> _Problem requirements_
Please reproduce all of the data exactly as it appears, but skip the pictures.
____________
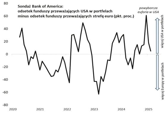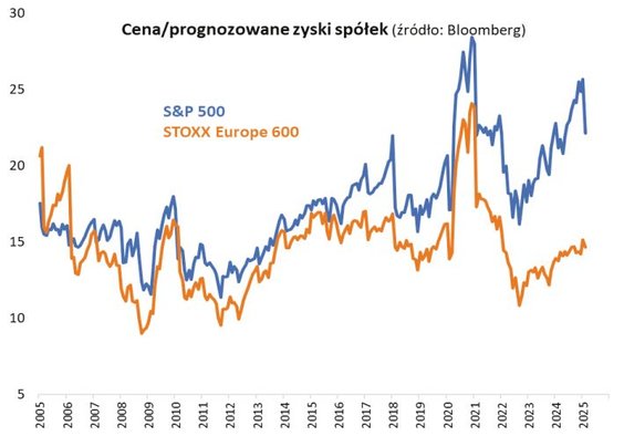 Podczas gdy prognozy ekonomistów z dużym opóźnieniem reagują na zmieniające się otoczenie, dostosowanie na rynkach akcji trwa już od końcówki ubiegłego roku. Listopad, a więc miesiąc wyborów prezydenckich w USA, wyznaczył szczyt przewagi amerykańskich akcji. Od tego czasu trwa normalizacja wysokich wycen na Wall Street, wynikająca z przysłowiowego powrotu na ziemię po okresie powyborczej euforii, a jednocześnie podnoszenie się mnożników na Starym Kontynencie. Tradycyjnie akcje w USA wyceniane są wyżej, ale w ub.r. ta różnica osiągnęła szczególnie wyśrubowane poziomy – współczynnik ceny do prognozowanych zysków spółek był o 11 pkt wyższy niż w Eurolandzie (bazując na danych Bloomberga). Mimo że do końca lutego różnica ta skurczyła się do 7,5 pkt, i tak pozostaje relatywnie duża w porównaniu z historycznymi standardami – średnia za cały okres przedstawiony na wykresie to niecałe 3 pkt. Europa ma ciągle co nadrabiać względem nadal relatywnie drogich akcji na Wall Street.
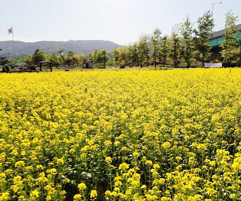 서울 근교에서 유채꽃이 아름다운 곳으로는 대표적으로 구리 한강시민공원이 있습니다. 구리 한강시민공원은 넓은 면적으로 유명한데요. 서울 상암동 월드컵경기장의 두 배에 달하는 12만 제곱미터의 면적에 유채꽃밭이 펼쳐져 장관을 이룹니다. 코로나 전에는 5월 초중순에 유채꽃 축제가 열렸고 연 방문객이 100만 명이나 되었다고 합니다. 올해 유채꽃 축제가 다시 열리지 않을지 기대가 되는 곳입니다.
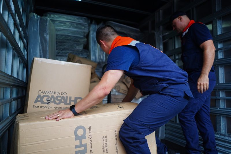 Apoio geral: 10 caixas de roupas (masculinas, femininas e infantis), 3 caixas de sapatos, 2 caixas de brinquedos, 1 cadeira de rodas, 75 kg de ração para cães e 50 kg para gatos
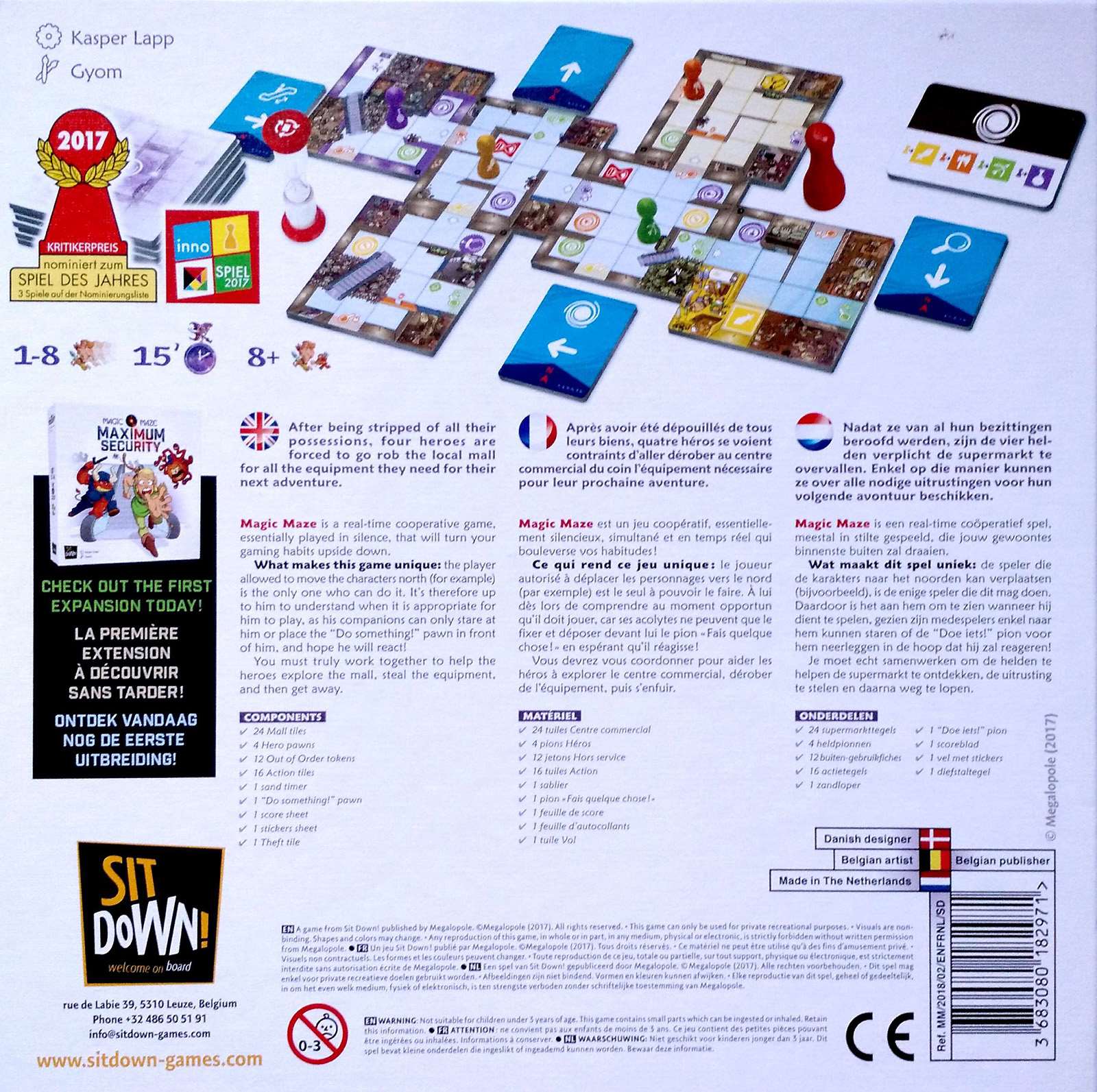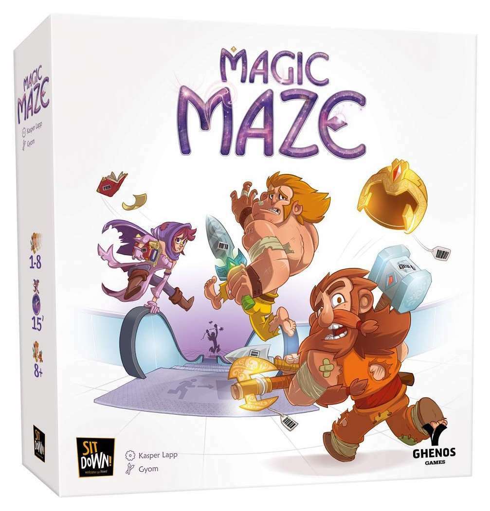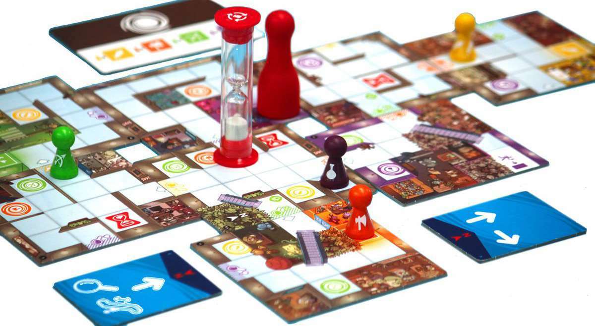 «Magic Maze» во многих смыслах очень необычная настольная игра. Во-первых в нее играют молча, а во-вторых, здесь отсутствует понятие отдельного хода. Игровое поле, которое формируется в процессе игры, представлено в начале одним тайлом – холлом супермаркета, на котором размещены четыре фишки, представляющие каждого из героев. Задача игроков, отвести все четыре фишки в соответствующие им по цвету магазины, а затем, вывести их через выход прочь из супермаркета. Каждый из игроков получает специальную плашку действия, на которой указано направление, в котором можно передвигать фишку, а также может быть указано особое действие, которое эта фишка может совершить.
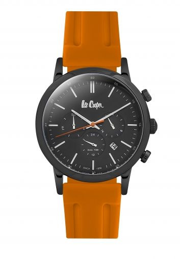 Мъжки часовник Lee Cooper от колекцията Classic Dual Time. Корпус от супер метал и стъкло минерал-кристал. Оранжева силиконова каишка. Черен мултифункционален дисплей с бели стрелки и акценти и показатели за дата, ден и двойно време. Задвижва се от кварцов механизъм. Водоустойчивост 3 ATM - допускат се леки пръски, не се препоръчва обилно мокрене.
____________
> _Solution for this exercise_
 Podczas gdy prognozy ekonomistów z dużym opóźnieniem reagują na zmieniające się otoczenie, dostosowanie na rynkach akcji trwa już od końcówki ubiegłego roku. Listopad, a więc miesiąc wyborów prezydenckich w USA, wyznaczył szczyt przewagi amerykańskich akcji. Od tego czasu trwa normalizacja wysokich wycen na Wall Street, wynikająca z przysłowiowego powrotu na ziemię po okresie powyborczej euforii, a jednocześnie podnoszenie się mnożników na Starym Kontynencie. Tradycyjnie akcje w USA wyceniane są wyżej, ale w ub.r. ta różnica osiągnęła szczególnie wyśrubowane poziomy – współczynnik ceny do prognozowanych zysków spółek był o 11 pkt wyższy niż w Eurolandzie (bazując na danych Bloomberga). Mimo że do końca lutego różnica ta skurczyła się do 7,5 pkt, i tak pozostaje relatywnie duża w porównaniu z historycznymi standardami – średnia za cały okres przedstawiony na wykresie to niecałe 3 pkt. Europa ma ciągle co nadrabiać względem nadal relatywnie drogich akcji na Wall Street.
 서울 근교에서 유채꽃이 아름다운 곳으로는 대표적으로 구리 한강시민공원이 있습니다. 구리 한강시민공원은 넓은 면적으로 유명한데요. 서울 상암동 월드컵경기장의 두 배에 달하는 12만 제곱미터의 면적에 유채꽃밭이 펼쳐져 장관을 이룹니다. 코로나 전에는 5월 초중순에 유채꽃 축제가 열렸고 연 방문객이 100만 명이나 되었다고 합니다. 올해 유채꽃 축제가 다시 열리지 않을지 기대가 되는 곳입니다.
 Apoio geral: 10 caixas de roupas (masculinas, femininas e infantis), 3 caixas de sapatos, 2 caixas de brinquedos, 1 cadeira de rodas, 75 kg de ração para cães e 50 kg para gatos
 «Magic Maze» во многих смыслах очень необычная настольная игра. Во-первых в нее играют молча, а во-вторых, здесь отсутствует понятие отдельного хода. Игровое поле, которое формируется в процессе игры, представлено в начале одним тайлом – холлом супермаркета, на котором размещены четыре фишки, представляющие каждого из героев. Задача игроков, отвести все четыре фишки в соответствующие им по цвету магазины, а затем, вывести их через выход прочь из супермаркета. Каждый из игроков получает специальную плашку действия, на которой указано направление, в котором можно передвигать фишку, а также может быть указано особое действие, которое эта фишка может совершить.
 Мъжки часовник Lee Cooper от колекцията Classic Dual Time. Корпус от супер метал и стъкло минерал-кристал. Оранжева силиконова каишка. Черен мултифункционален дисплей с бели стрелки и акценти и показатели за дата, ден и двойно време. Задвижва се от кварцов механизъм. Водоустойчивост 3 ATM - допускат се леки пръски, не се препоръчва обилно мокрене.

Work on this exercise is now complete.